Incremental Running Test
Mean values for max, RER, v max, HRmax, [La]b and vVTh1, were: 54.3 ± 6 ml min−1 kg−1, 1.13 ± 0.03, 17.2 ± 1.9 km h−1, 187 ± 9.1 beats min−1, 11.7 ± 1.6 mmol L−1, 10.3 ± 1.4 km h−1 (60.16 ± 3.25% of v max), respectively. The incremental running test was rated as maximal for all participants.

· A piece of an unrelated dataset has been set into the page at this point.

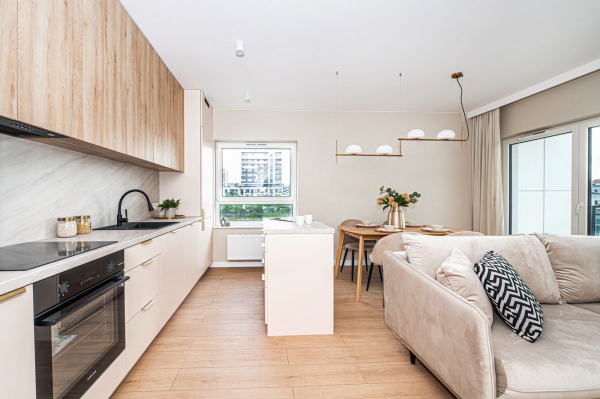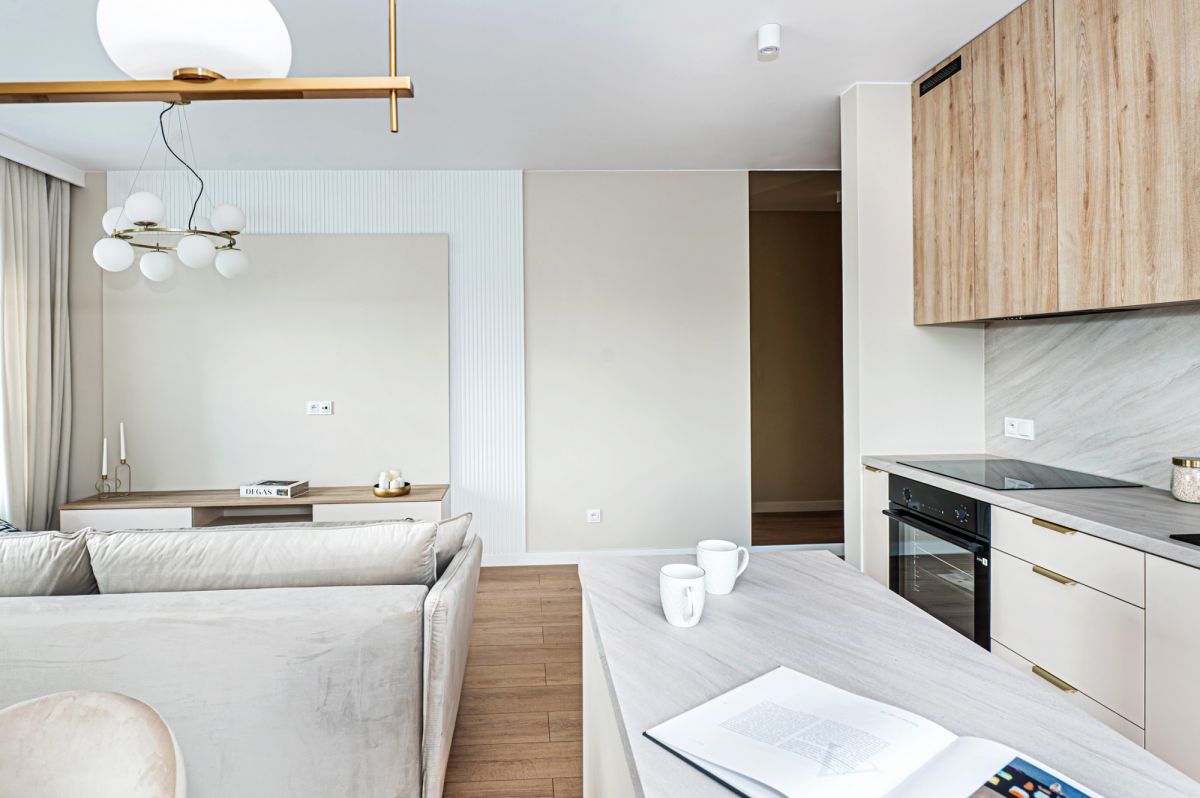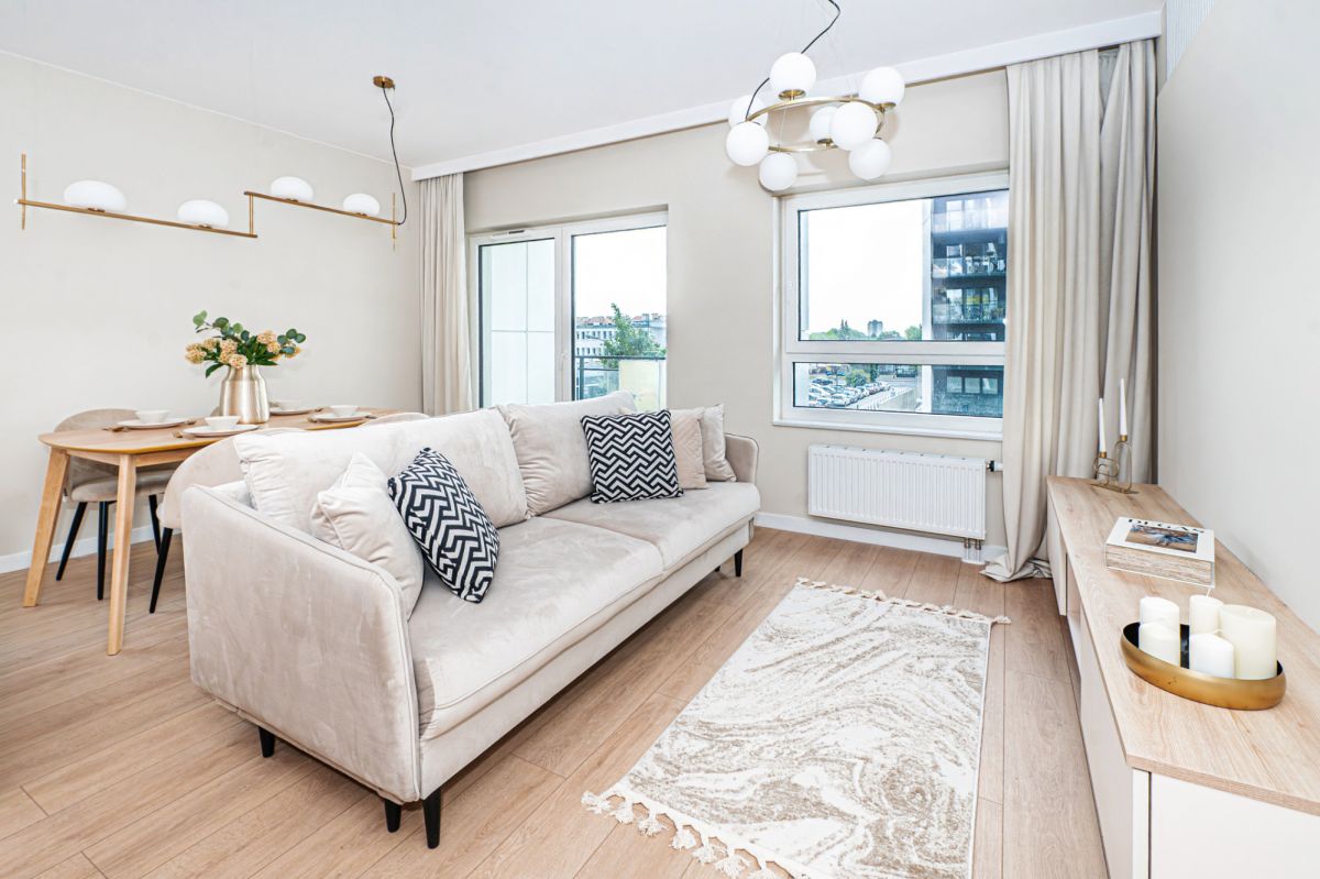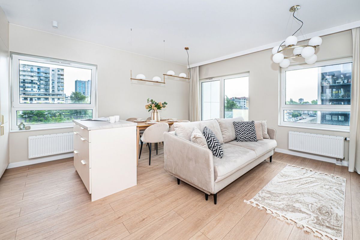 - przestronny salon z aneksem kuchennym oraz osobne dwa pokoje, co jest szczególnie przydatne w przypadku pracy czy nauki zdalnej

Submaximal and Supramaximal Running Exercise
During Sub, Mean HR (133 ± 9 vs. 135 ± 10 beats min−1 for N and H, respectively, P = 0.23) and running speed (10.3 ± 1.4 vs. 9.8 ± 1.3 km h−1 for N and H, respectively, P = 0.12; ES = 0.37) were not different between experimental conditions. For Supra, maximal HR (167 ± 9 vs. 168 ± 9 for N and H, respectively, P = 0.83) and the maximal running speed (28.8 ± 3.5 vs. 29.3 ± 3.6 km h−1 for N and H, respectively, P = 0.12) were also not different between conditions.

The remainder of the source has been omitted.